Mexico: Low intensity war against the people of Oaxaca

25 deaths, 400 disappearances as the federal state clamps down to kill APPO

The military assault against the teachers and members of the Popular Assembly of the Peoples of Oaxaca is continuing. The Federal government have sent in the Policia Federal Preventiva, a militarised police force, to quell the uprising and remove the barricades in the city. The latter colluded with paramilitary forces with a licence to kill. A temporary balance sheet of the state violence is chilling. Since the start of the teachers’ strike, five months ago, Mexican “democracy” has filled 25 body bags with social activists from the state of Oaxaca, while 54 more had bullet wounds and are lucky to be alive today.

Now it seems we are entering the most sinister of endgames where the Federal government instigated negotiations coincide with a drip of kidnappings and disappearances; this is the Chinese torture meted out to the masses. Over 400 people are reported to have disappeared although the judiciary in Oaxaca only admits to having arrested 85 people, 24 of whom are still in custody today. In an amazingly frank interview in the Mexican newspaper La Jornada, Lizbeth Caña, of the Minister of Justice of Oaxaca state outlines the intentions of the local elite. She says that the Popular Assembly of the Peoples of Oaxaca, the APPO, “is a violent group” which has committed acts that are “described in the law as terrorism”. She also said that while the majority of the people of Oaxaca are from an indigenous background, and do not always speak Spanish, “it is not necessary for the officers of the Public prosecution or the members of the different police forces to speak the native languages, because we have translators”. Questioned about the accusations of human rights abuses, torture and kidnappings by the state she answered that these allegations arise because people try to play on stereotypes and these things are repeated over the whole of Mexico not only in Oaxaca.
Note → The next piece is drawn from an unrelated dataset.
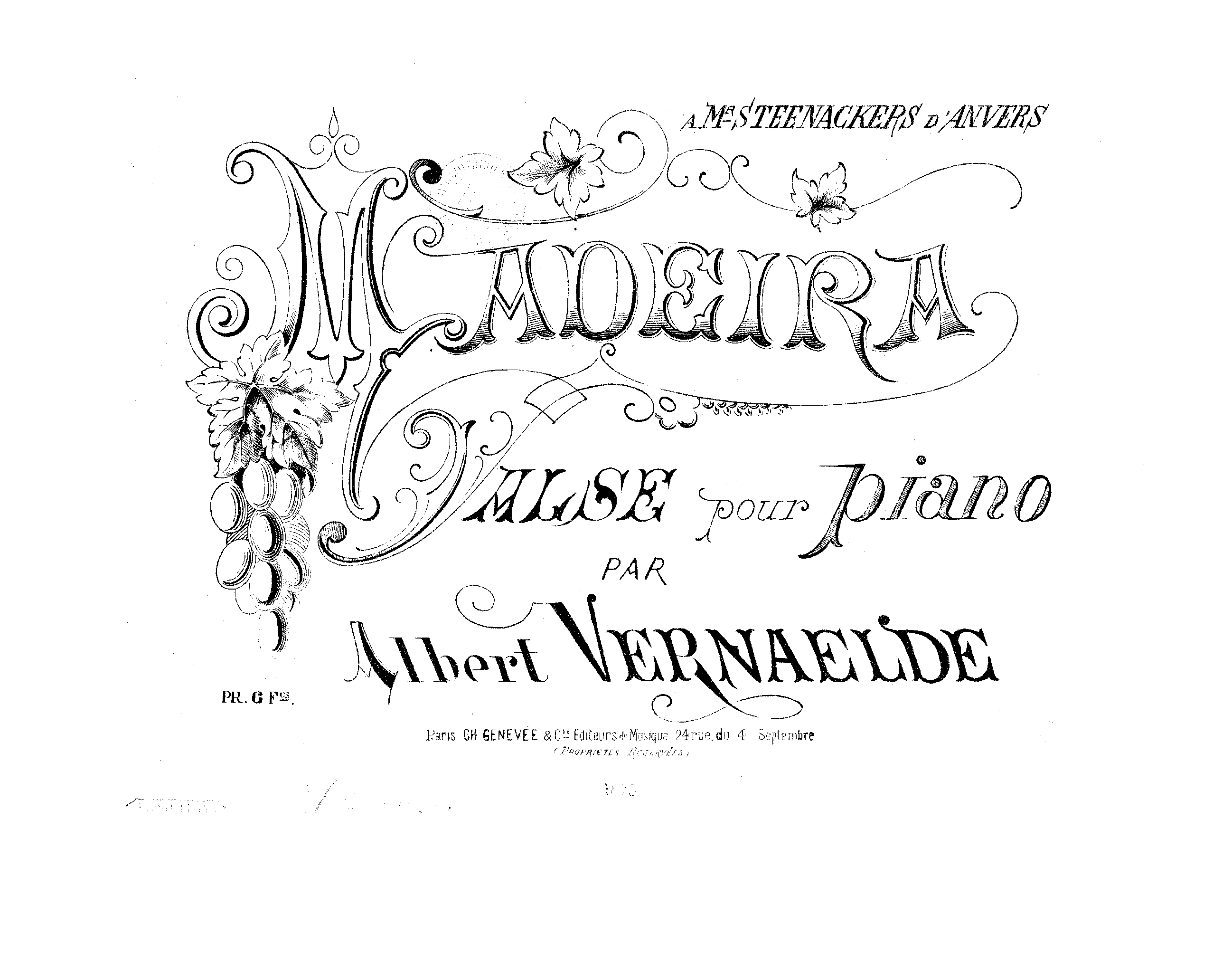 | Dedication | à Mr. Steenackers d'Anvers |

Negotiations with the Federal government

The “secretario de Gobernacion” – secretary of state – Carlos Abascal Carranza, the highest civil servant for internal affairs in Mexico, has opened up negotiations between the Oaxaca state governor Ulises Ruiz and the representatives of the APPO. As a representative of the Federal state he is ultimately concerned that calm can return to Oaxaca so that the Federal authorities can preserve the integrity of the nation. He called on Ulises Ruiz to reach an agreement with APPO or else resign. The latter responded that since the Mexican state was afraid to apply the law, despite the fact it was necessary to go over to even more brutal repression, it was the secretary of state who should resign.

Of late the position of the government has sharpened. The PRI who only a week ago asked Ruiz, who is a member of the PRI, to resign now says that this decision must be taken by the people of Oaxaca. The Oaxaca Chamber of commerce for radio (CIRT) and television has pushed itself to the foreground as the sharpest representatives of local reaction. It demands that the state recaptures all radio stations taken over by APPO and put into place measures to close down any transmitters who broadcast trade union or APPO information. This while the radio station run by PRI supporters in Oaxaca city is openly calling for for lynchings and attacks on certain leaders and activists of the APPO.

APPO demands

The demands of APPO have hardly developed throughout the five month struggle. The teachers’ trade union started its strike started with wage demands. Faced with a state governor who refused to talk to the representatives of the trade union different community organisations, organisations representing the indigenous people and local activists joined in the struggle and set up the Popular Assembly for the People of Oaxacxa, the APPO. They then adopted the demand for the dismissal of the state governor of Oaxaca Ulises Ruiz. Now the APPO still organises and negotiates around this central theme and asks as well for the release of the activists in jail, the cancellation of all arrest orders and the departure of the PFP, the Policia Federal Preventiva. These demands can count on mass support as a demonstration of 1.5 million of Oaxaquenos demonstrated last week. The festive but militant mood of this demonstration is to be explained because it took place the day after the APPO and the students of Oaxaca drove back the police after a violent confrontation that lasted 6 hours.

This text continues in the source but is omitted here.